War metaphors are obviously not new in the world of politics. Several terms of inoccultable military origin have permeated the lexicon of politicians and analysts for a long time; for example, “strategy” (from the Greek strategos meaning “general”), “positioning”, “attack” and “defense”, “friendly fire”, “blockades”, “withdrawal”, “targets”, among many others.

Moreover, those who do not share the “adversarial model” of politics, which is always more friendly to democratic principles and values, embrace a conception of politics strongly imbued with the logic of war. From those who share the philosophy of the German thinker Carl Schmitt (1888-1985) that the “essence” of politics lies in the “friend-enemy” distinction, to Carl von Clausewitz's classic axiom (1781-1831) that “war is the continuation of politics by other means”, passing in more recent times by the prolific by Chantal Mouffe - Ernesto Laclau's life partner - in which he exalts the agonal face of politics.

Unequal combat

Beyond the opportunity and convenience of resorting to this term while a real and dramatic war unfolding in Central Europe with thousands of deaths, almost three million refugees, and an unpredictable end with the risk of further escalation of war, it is clear that the communication strategy behind the appeal to language belligerent is to realize that there would be a willingness to move forward with profound and drastic measures to “attack” the scourge of inflation head-on.

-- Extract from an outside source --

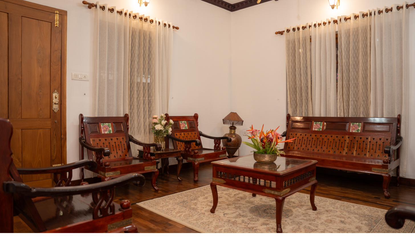 A Kerala-style home in a quiet Mysore neighbourhood — red-tiled roofs, carved doors, a verandah under pink bougainvillea.

It is also clear that, in strategic terms, it seeks to build a story that operates as a kind of communication “umbrella” and that seeks to generate consensus around some of the economic policies that the government agreed with the IMF. To continue with the war lexicon, the government seems to have tried to star in a first step in the communication “battle” that will inevitably be fought between those who will want to impose the concept of “adjustment” and those who will seek to inscribe the government's economic policy in a heroic fight against the inflation.

It is also true that, politically speaking, the government needed to regain initiative and go on the offensive after having achieved, with high domestic costs and the invaluable assistance of the opposition, legislative approval of the long-awaited agreement with the IMF.

Moreover, when the government must face the economic program agreed with the international credit agency at a time when inflation escalates to very worrying levels: 4.7% for the last month, with a 7.5% index for food, all this in an international economic context that is already beginning to experience the turbulence resulting from conflict between Russia and the West.

In this context, the President's announcements in Friday's recorded message, together with the specific announcements that will be made by ministers, such as the one already communicated by Julián Domínguez regarding the withholding of flour and soybean oil and the creation of a wheat stabilization fund, seem to be a long way from high expectations generated by the first president.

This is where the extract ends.